## WORK TO COMPLETE:
The answer must restate the listing word for word, without its images.

## DATA SHOWN:

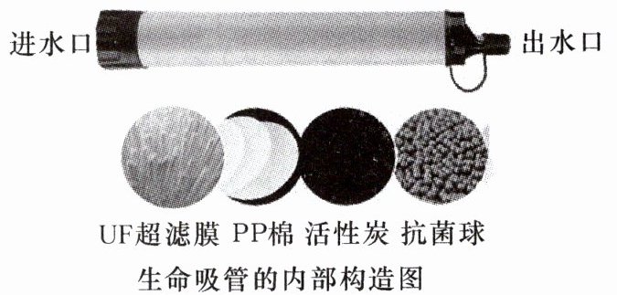 2. (2024·牡丹江)“生命吸管”可以解决野外极限环境中的饮水问题。“生命吸管”中没有用到的净水方法是 (
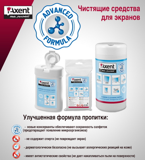 ТМ AXENTпредставляет обновленную серию чистящих средств для экранов!
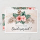 Elegante diseño de tarjeta "serás mi dama de honor" con flores polvorientas de color rosa y hojas tropicales sobre un fondo de color crema. Elementos coincidentes disponibles.
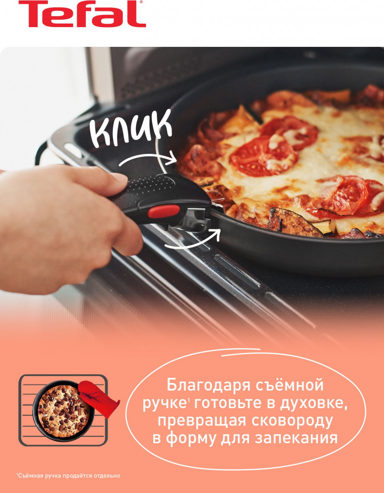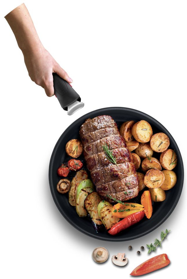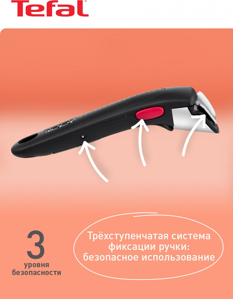 Серия: Ingenio Съемная ручка Tefal Ingenio — легко готовить, удобно хранить. Благодаря 3-ступенчатой системе фиксации запатентованная ручка Ingenio гарантирует дополнительную безопасность и дарит уверенность. Способна выдерживать нагрузку до 10 кг, безопасная и надежная конструкция ручки Ingenio подходит для интенсивного использования. Посуда Ingenio создана специально для того, чтобы сделать процесс приготовления пищи дома максимально легким. Приготовьте ингредиенты на плите, поставьте блюдо доготавливаться в духовку, а оставшуюся еду отправьте в холодильник прямо в посуде благодаря изящной съемной ручке. |

## ANSWER SPACE:
 2. (2024·牡丹江)“生命吸管”可以解决野外极限环境中的饮水问题。“生命吸管”中没有用到的净水方法是 (
 ТМ AXENTпредставляет обновленную серию чистящих средств для экранов!
 Elegante diseño de tarjeta "serás mi dama de honor" con flores polvorientas de color rosa y hojas tropicales sobre un fondo de color crema. Elementos coincidentes disponibles.
 Серия: Ingenio Съемная ручка Tefal Ingenio — легко готовить, удобно хранить. Благодаря 3-ступенчатой системе фиксации запатентованная ручка Ingenio гарантирует дополнительную безопасность и дарит уверенность. Способна выдерживать нагрузку до 10 кг, безопасная и надежная конструкция ручки Ingenio подходит для интенсивного использования. Посуда Ingenio создана специально для того, чтобы сделать процесс приготовления пищи дома максимально легким. Приготовьте ингредиенты на плите, поставьте блюдо доготавливаться в духовку, а оставшуюся еду отправьте в холодильник прямо в посуде благодаря изящной съемной ручке. |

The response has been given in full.